The first night I waited to see the last _malade_ and the last baby safely stowed inside before I climbed into the front seat with the ambulance driver. As we struck the open lake road an icy wind straight off Mont Blanc made me shiver. A soldier on permission clinging to the running board beside me turned up his collar, muttering: “This is worse than the trenches in the Vosges.” He had come up to search for his refugee wife, from whom he had not heard in three years.

“But she might arrive any day!” he argued hopefully. “I will teach you something extraordinary,” he continued. “A comrade of mine came up here looking for his wife; he had dreamed a dream about her. And what do you think--the very first woman who stepped off the train was she!

“I had another friend, whose wife had died in Lille leaving a little daughter of two, whom the father had never seen. He did not even know what had become of her, for he could get no word. A _rapatrié_ friend, who informed him of his wife’s death, could give no news of the little maid. Nevertheless, he came to Evian hoping to find some trace. And each day at the station as the throng passed he stood quietly holding out in his hand what looked like a postal card. And whenever a little girl appeared he thrust that card under her nose. Absurd, eh? A fool, a lunatic, sticking a piece of cardboard into every child’s face! But one day when he held it in front of a little maid she suddenly burst into tears and cried out: ‘_Maman! Maman!_’ That postal card bore the picture of her mother. And that’s the way he found his child!”
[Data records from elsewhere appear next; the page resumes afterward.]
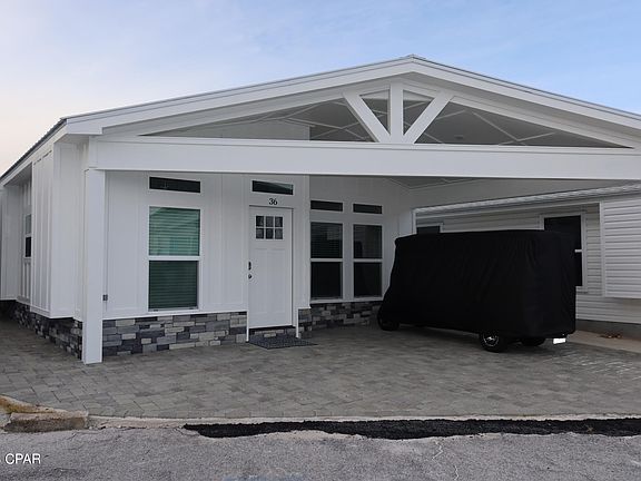Welcome to a rare opportunity to own a brand-new Venture Out home! This under construction property boasts an array of features that will surely captivate you. This 3 bed, 2 bath has a great open floor plan, LVP flooring, quartz countertops and gorgeous finishes. You can enjoy the comfort and convenience of this home all year round with the porch and covered parking. This property is not only a perfect second home but also an excellent investment opportunity. As part of this golf cart community, you'll have exclusive access to over 300 ft of white sand beaches on the Gulf of Mexico, as well as access of the Grand Lagoon. Embrace a resort-like lifestyle with amenities such as two pools, children's playground, fishing docks, boat ramp and so much more. Don't miss out on this unparalleled opportunity to own a piece of paradise in Venture Out! Projected to be complete in April 2024.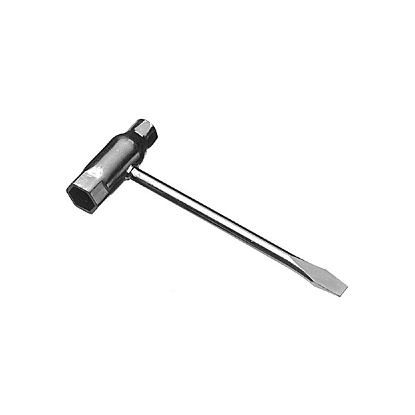 A combination screwdriver and wrench to make chainsaw guidebar removal, chain tensioning, and other chain saw maintenance easier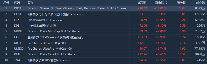 具体表现在ETF上,涨幅居前的主要有Direxion Shares Etf Trust的DPST涨11.81%,成交额8373万美元;金融指数ETF-Direxion3倍做多罗素金融股的FAS,成交额2.51亿美元。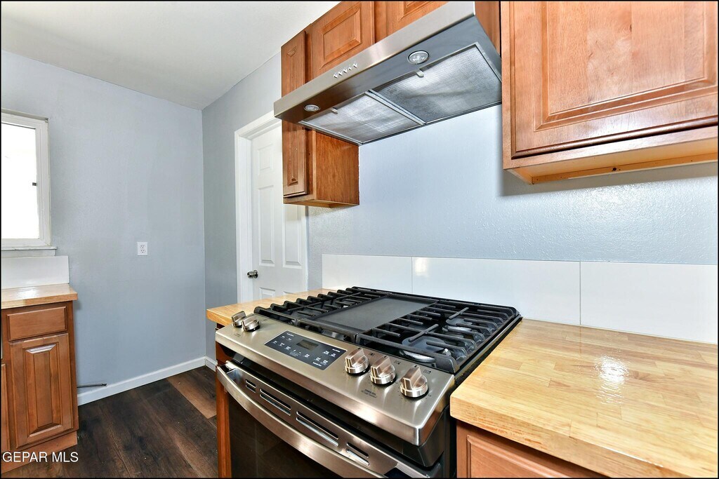 Mountain views and modern updates define this Westside El Paso home located near the Franklin Mountains. The interior features a carpet-free layout with ceramic tile and wood flooring throughout. The kitchen is equipped with custom cabinetry,butcher block countertops,a gas cooktop,and a built-in oven. An open floorplan provides multiple living areas that flow naturally into the dining space. High-efficiency solar panels are installed to help manage electricity costs. The exterior includes a private,walled backyard with a covered patio and low-maintenance landscaping,ideal for enjoying El Paso sunsets. Practical additions include refrigerated air,a dedicated laundry room,and a single-car garage with additional storage space. This property offers quick access to UTEP,medical centers,and the dining options in the Kern Place area,making for an efficient commute via I-10 or Mesa Street. Deposit-Free Renting service to Obligo qualified renters,fees may apply.

It was twilight when we arrived at the Casino, and already the place was packed. Seated at long tables the refugees had stowed their precious bundles beneath their feet and were falling upon supper with a will. Between the tables passed the women of Evian with tureens of steaming soup, huge platters of meat that the Germans would have bartered their very souls for, and great pitchers of hot milk and of wine. And how those children gobbled! And how their elders followed their example! The platters passed and repassed. Through the big double doors facing Switzerland gleamed Lake Geneva, dimly purple through the gloom. Overhead in the balcony the band began to tune up.
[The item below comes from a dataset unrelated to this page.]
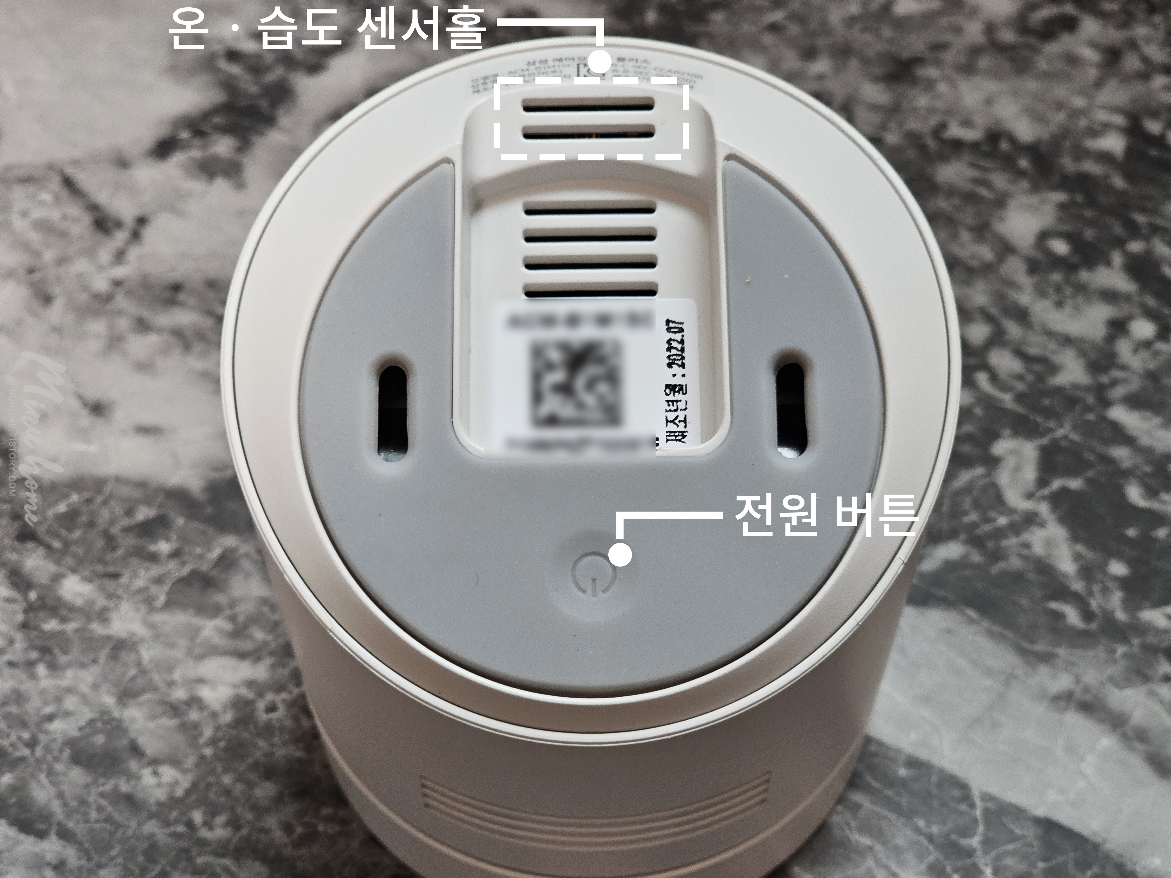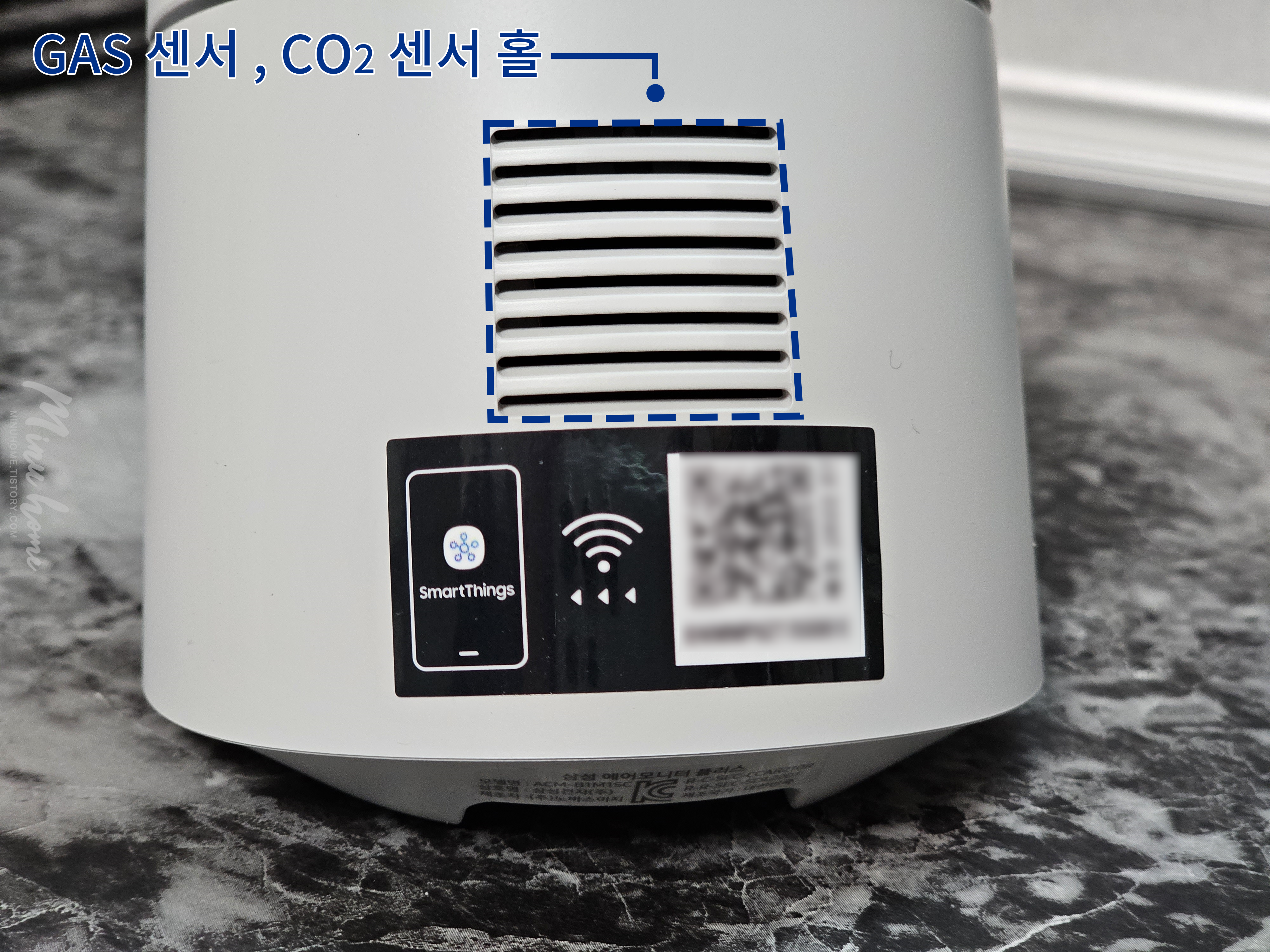 제품의 후면에는 GAS 센서와 CO₂ 측정을 위한 센서홀이 있으며, 스마트싱스와 연동할 수 있는 QR코드 스티커가 있습니다.
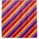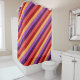 Un rideau de douche avec un motif motif coloré de rayures diagonales en rouge cerise, rose melon, violet, violet prune et jaune banane.

Suddenly all over the hall the lights flashed on strongly and the same instant the band burst into the stirring impetuous strains of Chasseurs Alpins! As that gay beloved air broke across the room an electric shock of emotion seemed to pass along the tables. Men leaped up, shouting “_Vive la France!_” Women began to weep softly. Handkerchiefs were out everywhere. Yes, the long blight of captivity, of isolation, was past forever! That tune proved it!
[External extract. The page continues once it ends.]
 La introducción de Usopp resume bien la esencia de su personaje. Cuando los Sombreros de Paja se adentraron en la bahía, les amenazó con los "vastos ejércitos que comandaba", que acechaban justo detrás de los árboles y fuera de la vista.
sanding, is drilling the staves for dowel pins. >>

And it was just at this chosen moment that the mayor of Evian came forward to make his speech. It was brief, simple and touching, and at certain portions of it women bowed their heads on the table and sobbed aloud.

“My dear fellow citizens!” began the mayor. “At a moment when, after long and cruel trials, you step foot again upon the sacred soil of _la Patrie_, I come in the name of the city of Evian to address to you all a very cordial, a very warm and a very affectionate welcome.

“We know all that you have suffered. For many months convoys like yours have traversed our little village, and we have heard recounted each day the long martyrdom you have endured. We know that you have suffered cold and hunger; we know that your houses have been burned, that your rich harvests have been destroyed and the beautiful industrial region of the north has been systematically destroyed; and, what is most terrible of all, we know that young daughters have been torn from the arms of their mothers and taken away to slavery in the Ardennes. And it is because we do know all this, dear fellow citizens, that we receive you to-day with all of our heart and with all of our soul!